_PROBLEM REQUIREMENTS_
In the entries below, find the line with "Durante patrulhamento, policiais" and the line with "the positions for the drawer slides."; reproduce those two lines and all lines between them exactly, without pictures.
^^^^^^^^^^^^^^^^
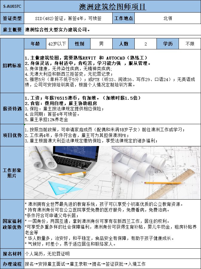 噴涂工,有相關工作經驗者優先,無經驗者也可;熟練工年薪76515澳幣;雇主支付12%養老保險.
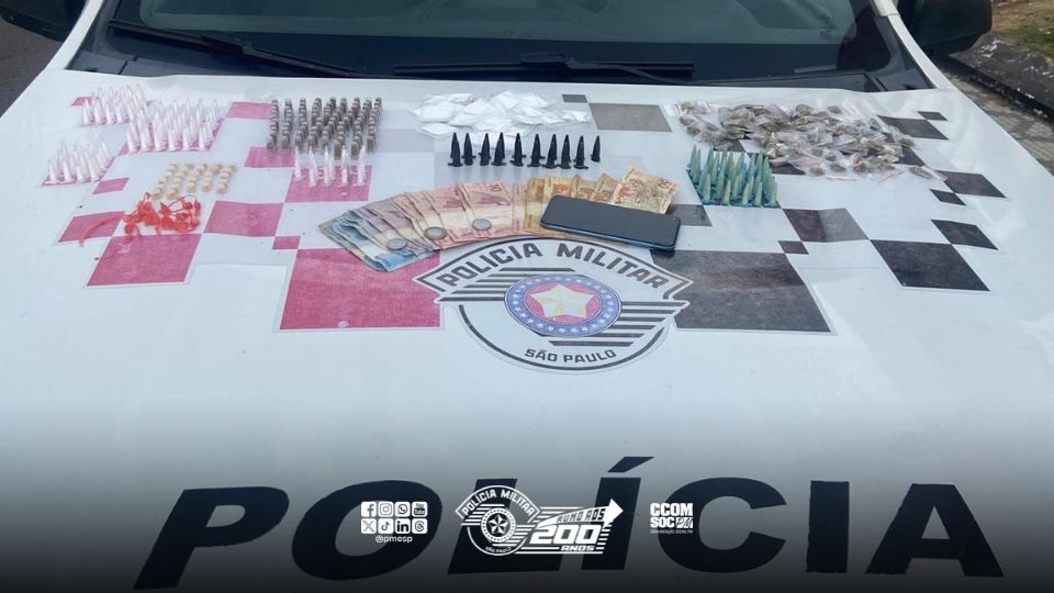 Durante patrulhamento, policiais militares do 39º Batalhão de Polícia Militar do Interior – Batalhão “João Ramalho” – prenderam um indivíduo por tráfico de drogas na Rua Albano Pereira Neto, no bairro Parque São Vicente, em São Vicente/SP.
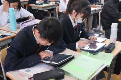 2年4組の社会・歴史分野の授業の様子です。
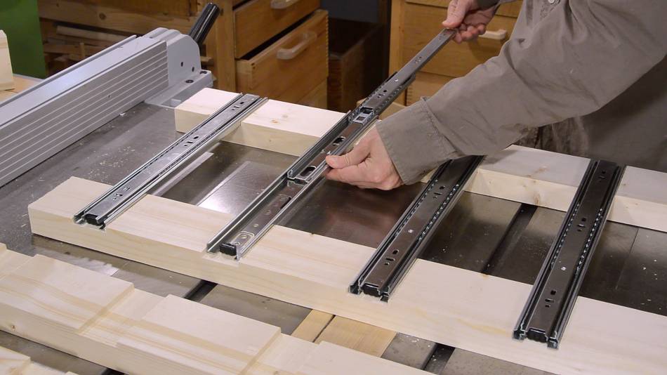 the positions for the drawer slides.
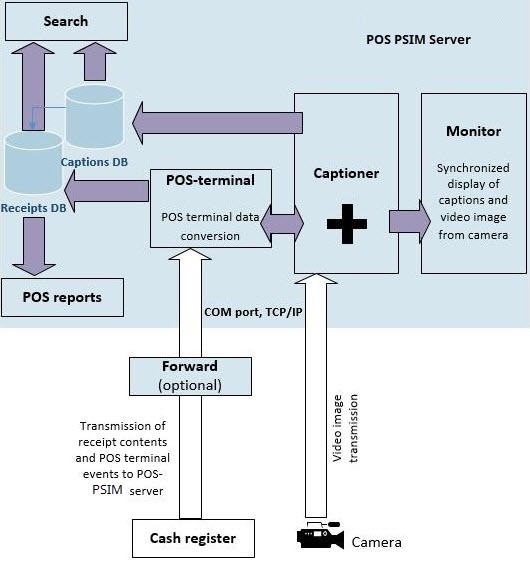 The POS-operations module uses the Captioner module, which is installed with Axxon PSIM (base) by default. Using the POS-terminal module, the Captioner module forms the receipts database; overlays the video image received from the surveillance camera with the receipt contents; adds the captioning results to the captioner, and displays the resulting video image via the Monitor interface object.
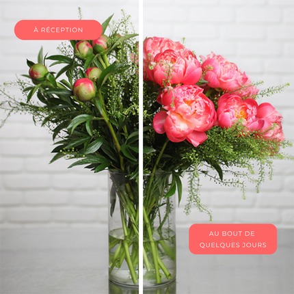 Les pivoines sont expédiées fermées afin de préserver leurs boutons : une fois chez vous ou votre destinataire, elles s’ouvriront rapidement pour révéler toute la beauté de leurs fleurs généreuses et délicates.
^^^^^^^^^^^^^^^^
_YOUR RESPONSE_
 Durante patrulhamento, policiais militares do 39º Batalhão de Polícia Militar do Interior – Batalhão “João Ramalho” – prenderam um indivíduo por tráfico de drogas na Rua Albano Pereira Neto, no bairro Parque São Vicente, em São Vicente/SP.
 2年4組の社会・歴史分野の授業の様子です。
 the positions for the drawer slides.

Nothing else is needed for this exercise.